● **WHAT THE TASK ASKS**: Once you reach the line with "L_t(x) + f_t(x,a)\partial_x" in the material below, copy each line exactly up to and including the line with "1. 采用经典三消玩法,消除相同物品完成关卡目标,简单有趣。", and skip the pictures.
-- ENTRIES SHOWN follows --
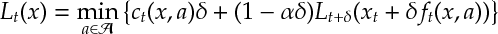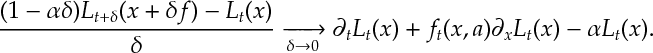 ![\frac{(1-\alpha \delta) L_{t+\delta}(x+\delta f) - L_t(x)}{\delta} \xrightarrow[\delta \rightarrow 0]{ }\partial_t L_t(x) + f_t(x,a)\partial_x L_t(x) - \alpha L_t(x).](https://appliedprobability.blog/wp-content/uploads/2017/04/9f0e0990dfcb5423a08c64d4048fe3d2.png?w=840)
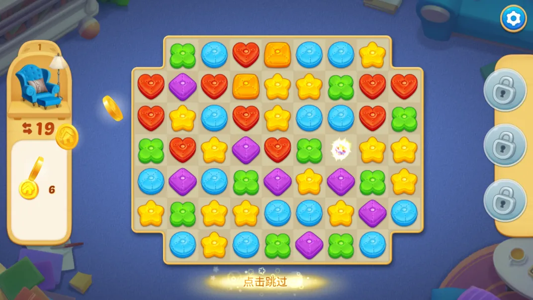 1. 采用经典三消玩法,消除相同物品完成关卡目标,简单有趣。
-- ENTRIES SHOWN concluded --
-- ENTRIES SHOWN follows --
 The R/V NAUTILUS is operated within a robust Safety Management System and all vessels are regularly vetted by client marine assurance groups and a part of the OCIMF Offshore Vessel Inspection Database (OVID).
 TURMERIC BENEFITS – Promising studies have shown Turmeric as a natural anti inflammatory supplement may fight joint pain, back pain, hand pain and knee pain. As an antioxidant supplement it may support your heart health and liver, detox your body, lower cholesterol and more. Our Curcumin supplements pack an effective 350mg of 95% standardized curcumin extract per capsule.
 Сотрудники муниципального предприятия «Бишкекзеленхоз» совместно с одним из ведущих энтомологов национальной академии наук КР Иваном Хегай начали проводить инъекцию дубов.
-- ENTRIES SHOWN concluded --
● **TASK ANSWER**:
 ![\frac{(1-\alpha \delta) L_{t+\delta}(x+\delta f) - L_t(x)}{\delta} \xrightarrow[\delta \rightarrow 0]{ }\partial_t L_t(x) + f_t(x,a)\partial_x L_t(x) - \alpha L_t(x).](https://appliedprobability.blog/wp-content/uploads/2017/04/9f0e0990dfcb5423a08c64d4048fe3d2.png?w=840)
 1. 采用经典三消玩法,消除相同物品完成关卡目标,简单有趣。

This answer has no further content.